§ **ACTIVITY**
Every line from the one holding "何故かマルタイの「皿うどん」" through the one holding "Pack of Artificial" in the data below must be returned exactly, both ends included, with pictures left out and nothing else added.

§ **RECORDS FOR THE EXERCISE**
----------

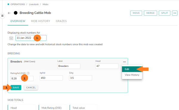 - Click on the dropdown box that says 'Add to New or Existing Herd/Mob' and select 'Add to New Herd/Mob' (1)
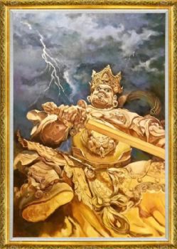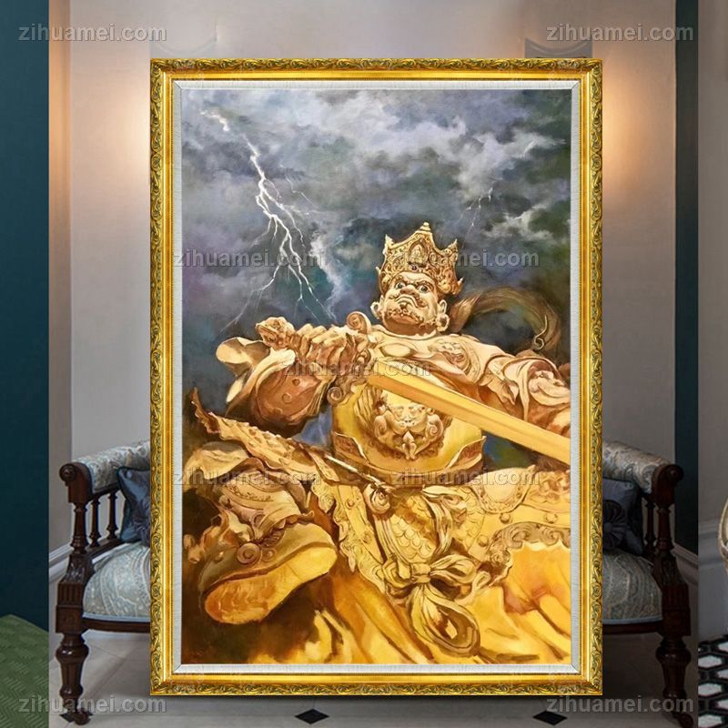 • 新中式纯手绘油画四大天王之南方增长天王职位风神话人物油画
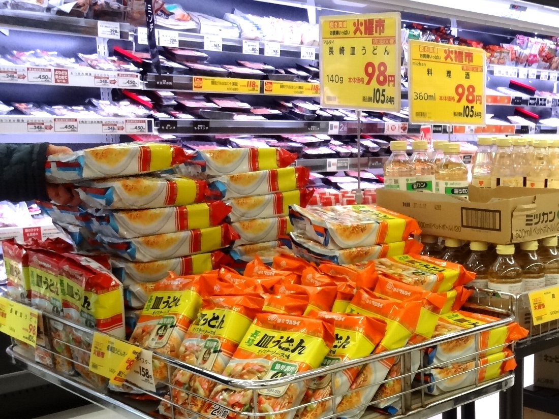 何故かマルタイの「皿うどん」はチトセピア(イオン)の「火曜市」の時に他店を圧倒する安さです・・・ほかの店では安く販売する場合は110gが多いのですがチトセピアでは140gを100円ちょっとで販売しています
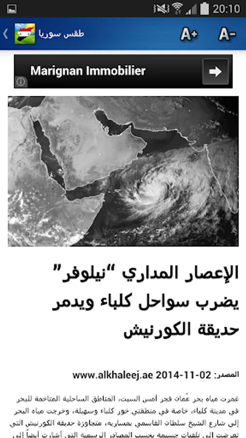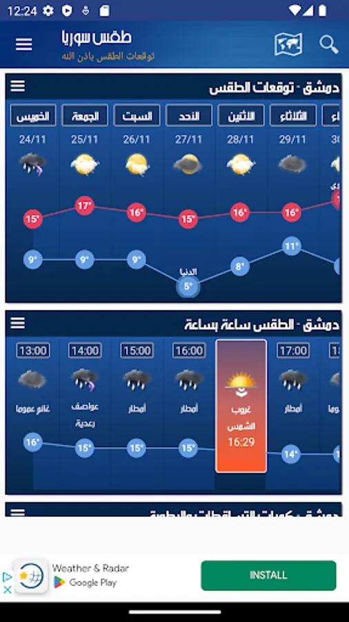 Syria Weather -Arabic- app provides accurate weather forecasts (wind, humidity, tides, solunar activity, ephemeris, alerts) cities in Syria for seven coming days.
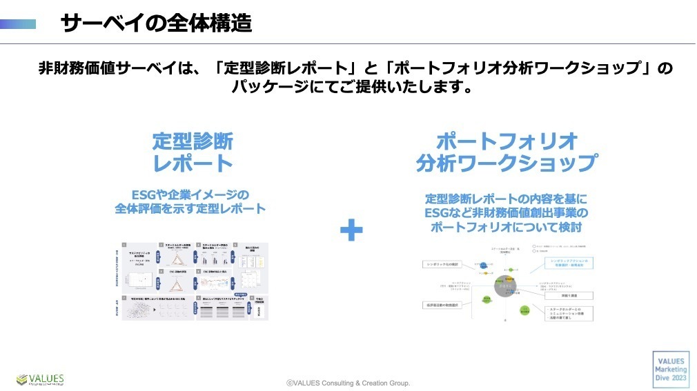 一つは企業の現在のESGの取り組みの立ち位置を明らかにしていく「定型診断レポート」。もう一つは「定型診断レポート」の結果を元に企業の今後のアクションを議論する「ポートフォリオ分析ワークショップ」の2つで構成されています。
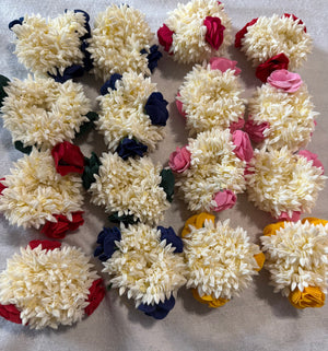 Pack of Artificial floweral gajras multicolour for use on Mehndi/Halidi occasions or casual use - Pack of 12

----------

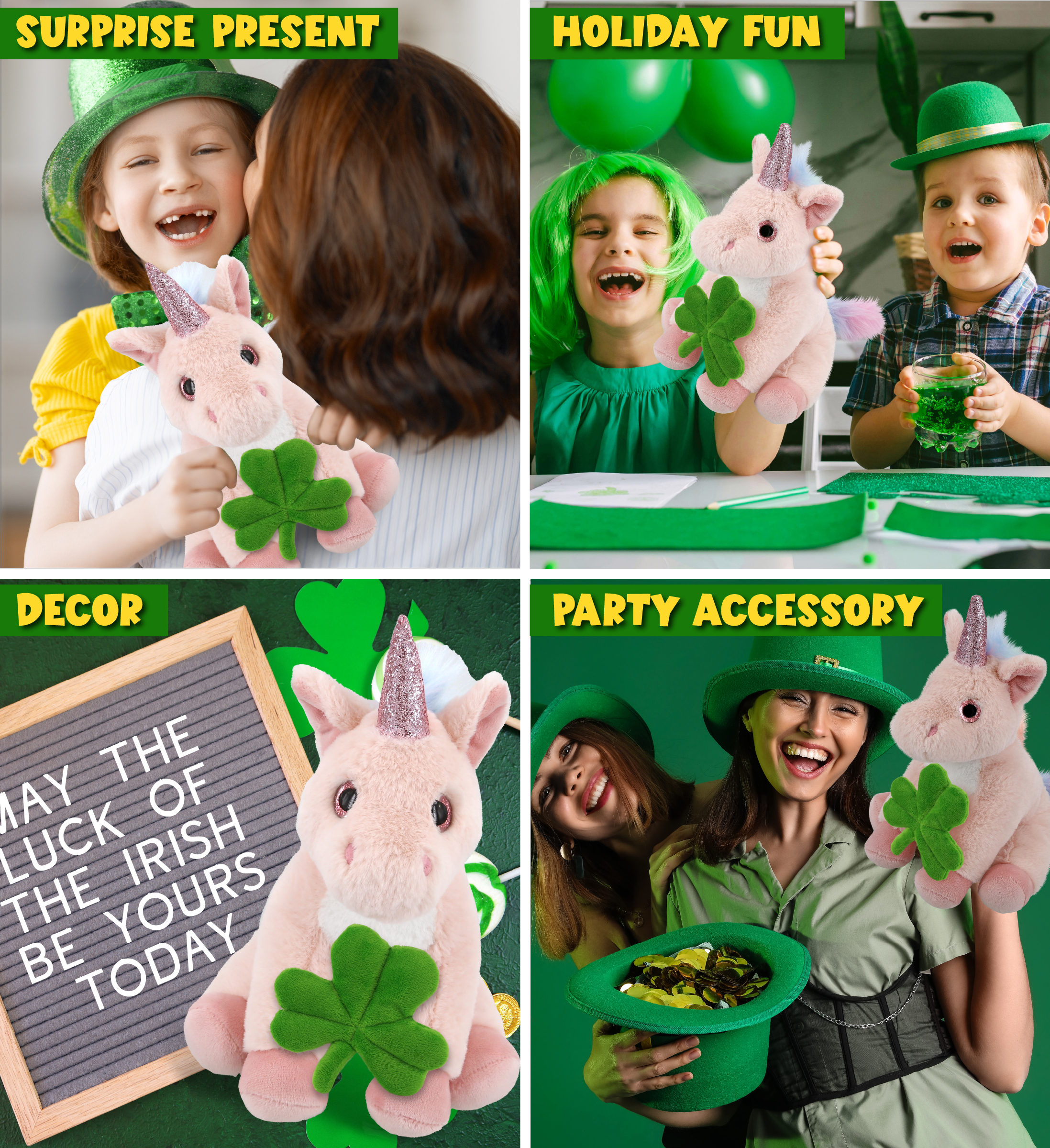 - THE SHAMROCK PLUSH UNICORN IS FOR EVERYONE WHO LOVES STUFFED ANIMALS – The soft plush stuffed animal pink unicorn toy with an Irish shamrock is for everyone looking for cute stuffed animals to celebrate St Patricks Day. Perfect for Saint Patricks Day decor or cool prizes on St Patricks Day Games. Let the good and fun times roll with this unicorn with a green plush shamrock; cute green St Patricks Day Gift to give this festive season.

----------

§ **ANSWER TO THIS EXERCISE**
 何故かマルタイの「皿うどん」はチトセピア(イオン)の「火曜市」の時に他店を圧倒する安さです・・・ほかの店では安く販売する場合は110gが多いのですがチトセピアでは140gを100円ちょっとで販売しています
 Syria Weather -Arabic- app provides accurate weather forecasts (wind, humidity, tides, solunar activity, ephemeris, alerts) cities in Syria for seven coming days.
 一つは企業の現在のESGの取り組みの立ち位置を明らかにしていく「定型診断レポート」。もう一つは「定型診断レポート」の結果を元に企業の今後のアクションを議論する「ポートフォリオ分析ワークショップ」の2つで構成されています。
 Pack of Artificial floweral gajras multicolour for use on Mehndi/Halidi occasions or casual use - Pack of 12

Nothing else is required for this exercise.